Currently, the way \mathbf{d}_{t} is computed is by minimizing a distance (based on the ramps) between the target dispatch “desired by the agent” \mathbf{h}_{t} and what is possible to get while satisfying the equations (1), (2), (6) and (9). The routine to compute this ‘actual dispatch’ \mathbf{d}_{t} uses the “SLSQP” method of the minimize routine in the scipy.optimize module.

Note

Equation (9) holds when they are no storage units on the grid. Please see the Storage units (optional) section to get the “constraints” effectively implemented on the grid.

Note

The variable that can be modified wby the optimisation routine are only the turned on dispatchable generators. The other generators (typically solar and ind) but also the storage units, are not modified when solving for this problem.

Loads

Description

A load is an element that consumes power from a powergrid. They are given in the following “sign convention”: if a load is positive, it means power is consumed, if a load is negative it means power is being produced.

Note

In case of a grid interconnected with other grids (as of writing, this is the case for the “l2rpn_neurips_2020_track1” environment), some loads might represent “interconnection powerline”. Basically, we only represent the “side” of each powerline interconnecting the powergrid from “l2rpn_neurips_2020_track1” with another non modeled powergrid as a load. This is why in some cases loads can be negative.

We plan on adding another dedicated element for that in the future, but for now this is how this is.

Grid2op implements different information, available at different level that concerns loads. A summary of these information is available in the table below:

Name

Type

Described in

n_load

int

static, Static properties

name_load

vect, string

static, Static properties

load_to_subid

vect, int

static, Static properties

load_to_sub_pos

vect, int

(internal) static, Static properties

load_pos_topo_vect

vect, int

(internal) static, Static properties

load_set_bus

vect, int

action, Modifiable attributes

load_change_bus

vect, bool

action, Modifiable attributes

load_p

vect, float

(internal) action, Modifiable attributes

load_q

vect, float

(internal) action, Modifiable attributes

load_p

vect, float

observation, Observable attributes

load_q

vect, float

observation, Observable attributes

load_v

vect, float

observation, Observable attributes

load_bus

vect, int

observation, Observable attributes

Static properties

Their static properties are:

Name

Type

Description

n_load

int

Total number of loads on the grid

name_load

vect, string

Names of all the loads

load_to_subid

vect, int

To which substation each load is connected

load_to_sub_pos

vect, int

Internal, see Creating a new backend

load_pos_topo_vect

vect, int

Internal, see Creating a new backend

(* denotes optional properties available only for some environments)

Warning

These attributes are static, and we do not recommend to alter them in any way. They are loaded at the start of the environment and should not be modified.

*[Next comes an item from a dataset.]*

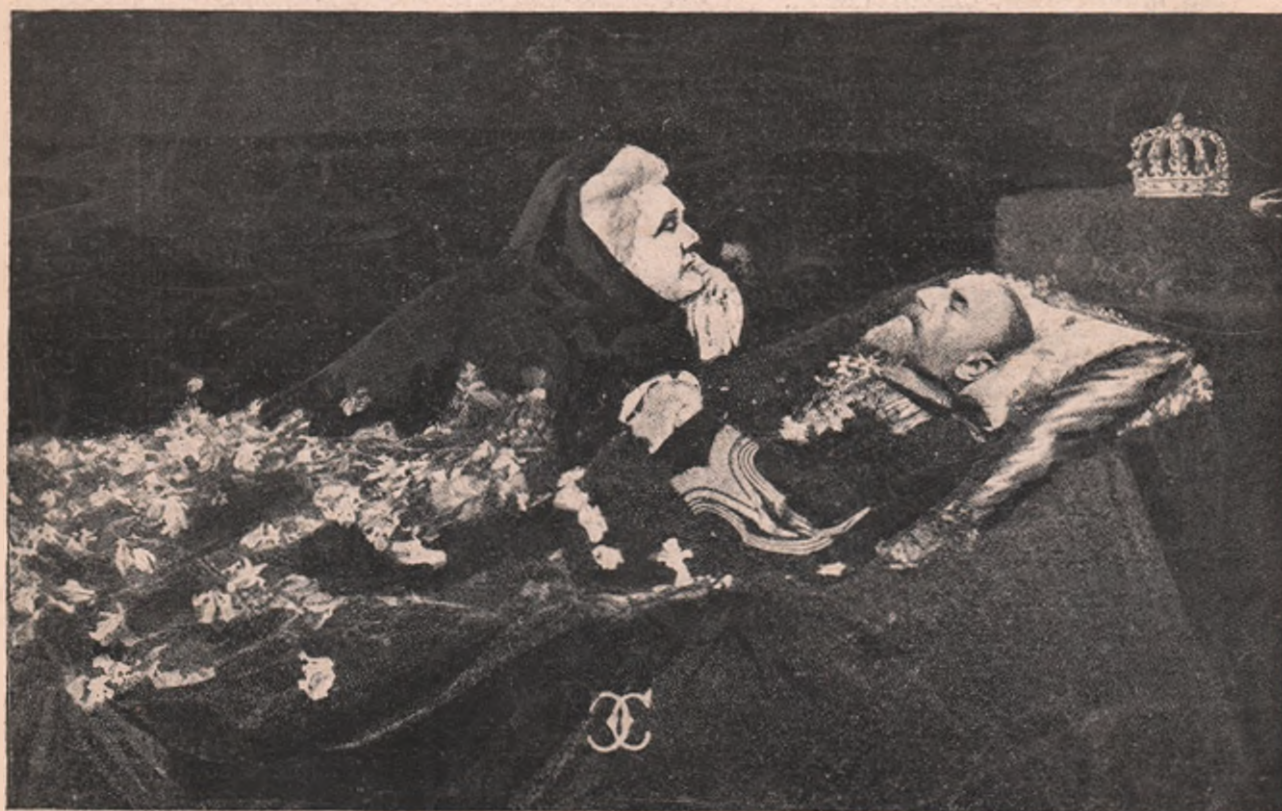
Regele Carol pe catafalc; Regina ingenuchiată lângă sicriul lui și Coroana de oțel strălucind la capul lui...
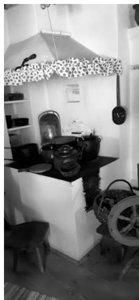
Fot. 8. Zrekonstruowana kuchnia rodziny Wyszyńskich w Muzeum Lat Dziecięcych Prymasa Tysiąclecia Stefana Kardynała Wyszyńskiego w Zuzeli.

Static attributes are accessible from most grid2op classes, including, but not limited to : env.n_load, act.n_load, obs.n_load, env.action_space.n_load, env.observation_space.n_load

Modifiable attributes

You can modify the loads in different manner, from an action (NB some action do not allow the modification of some of these attributes). Loads can be affected by both continuous and discrete actions, though the continous action on loads is for now non accessible to the agent.

  • load_set_bus: set the bus to which the load is connected. Usage: act.load_set_bus = [(load_id, new_bus)] where load_id is the id of the load you want to modify and new_bus the bus to which you want to connect it.

  • load_change_bus: change the bus to which the load is connected. Usage: act.load_change_bus = load_id to change the bus of the load with id load_id.

  • (internal) change the active consumption of a load. Usage act.update({“injection”: {“load_p”: vect}}

  • (internal) change the reactive consumption of a load. Usage act.update({“injection”: {“load_q”: vect}}

Note

See the Action and in particular the section Main action “properties” for more information about how to manipulate these “properties”.

Observable attributes

In this section we explain the loads attributes you can access from an observation. These attributes are:

  • load_p: the current active consumption of each load, in MW. Usage: obs.load_p[load_id] will retrieve the active production of load with id load_id

  • load_q: the current reactive consumption of each load, in MVAr. Usage: obs.load_q[load_id] will get the reactive consumption of load with id load_id

  • load_v: the voltage of the bus at which the load is connected, in kV. Usage obs.load_v[load_id] will get the voltage magnitude of the bus at which load with id load_id is connected.

  • load_bus: the bus to which each load is connected. Usage obs.load_bus[load_id] will get the bus to which load with id load_id is connected (typically -1, 1 or 2).

Equations satisfied

The main objective of TSO (\approx companies operating powergrids) is to make sure the demand is met at all times. This is why there are no constraints on the loads. Loads can vary as much as they “want”. Agents can only observe the variation of loads, without being able to perform any intervention on them.

Note

More recently, some “new” methods have been developed that could allow TSO, to some extend, to have some control on the demand. These methods, known as “demand side management” are not available yet in grid2op. Do not hesitate to fill a “feature request” if this topic is relevant for you.

Powerlines

Description

Powerlines are “elements” of the grid that allow the power to flow from one part of the grid to another. They are connecting two different substations.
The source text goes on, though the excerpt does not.